Saturday, June 19, 2021
Saturday, June 19, 2021

Change your brake fluid for reliability and long system life

By Greg Illes
Absolutely everybody changes their engine oil and transmission fluid (or has it done). Some folks remember to change differential gear oil. But who ever thinks about changing brake fluid? We all should.

photo: wikimedia

Change brake fluid — Huh?

Why in the world would you want to do that? True, there are no grinding gears or slipping clutch plates in your brake system. But there are high temperatures, and there is a hidden secret in that fluid – it attracts water. The temperatures cause the system’s fluid to expand and contract slightly and this “breathes” tiny amounts of air in and out of the fluid reservoir. Over the course of time, each tiny puff of air contributes a small amount of water vapor which is absorbed into the fluid and circulated throughout your brake system.

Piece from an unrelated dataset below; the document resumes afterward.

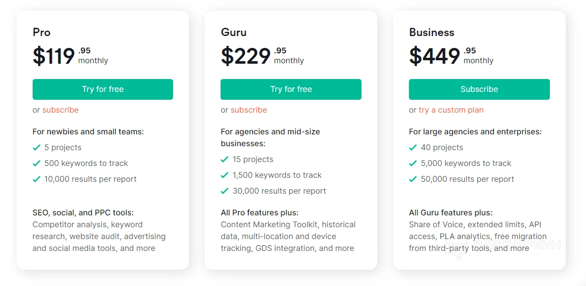 - премиум-инструменты: тренды, социальный и контент-маркетинг, API и другие.

Since water is as uncompressible as the brake fluid itself, you cannot tell from pedal pressure or system performance that the fluid has been compromised. But your system components can tell. That water starts to work its way into coatings and platings, starting the insidious corrosive process that can eventually ruin cylinders and calipers.

Rid the system of water

The only way to rid your system of the water is to completely flush the brake system with new fluid. This is very different from simply topping off the reservoir, and it’s not the same as emptying and refilling the reservoir. Flushing involves “bleeding” fluid from each and every wheel cylinder and pumping fluid through the system until fresh, new fluid flows out of the bleed valve.

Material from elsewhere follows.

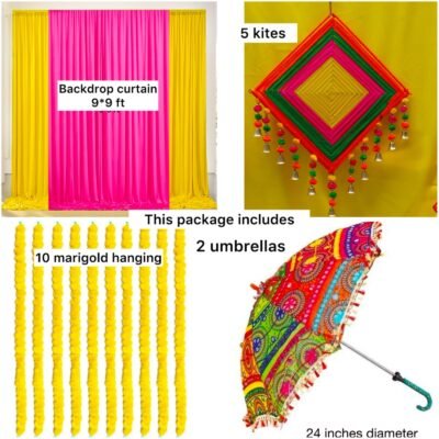 This package includes stitched backdrop curtain, 5 kites, 10 marigold hangings and 2 umbrellas

The process is laborious and messy, and generally can require either two people and/or specialized equipment. Although I’m personally quite handy and do most of my own maintenance, this is one job that I leave to the pros. It will typically set me back about $100 or so.

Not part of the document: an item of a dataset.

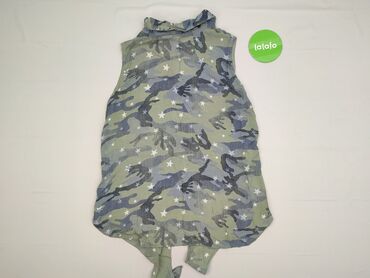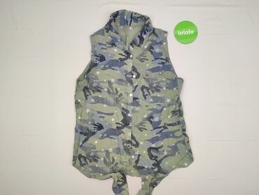 Bez rękawówBluzka damska bez rękawów z kołnierzykiem, w militarnym wzorze moro z dodatkiem białych gwiazdek. Zapinana z przodu na białe guziki. Bluzka posiada dwie małe kieszenie na wysokości klatki piersiowej. Dół bluzki zakończony jest wiązaniem, co dodaje jej swobodnego charakteru. Idealna na cieplejsze dni, do noszenia zarówno na co dzień, jak i na weekendowe wyjścia.

Periodically flush the brake system fluid

A “brake job” is part of normal maintenance and will ordinarily consist of replacing pads or linings, turning drums or rotors and, of course, a thorough system inspection. By periodically flushing the brake system fluid, you can help to ensure that a routine brake job doesn’t end up involving costly replacement of corroded cylinders and calipers.

Since it’s time and not mileage that corrupts the fluid, the typical recommendation is for flushing every two years. Most of us have our rigs in the shop at least that often for one thing or another, so it’s easy to include the brake flush and not have to make it a special visit.

Greg Illes is a retired systems engineer who loves thinking up RV upgrades and modifications. When he’s not working on his motorhome, he’s traveling in it. You can follow his blog at www.divver-city.com/blog.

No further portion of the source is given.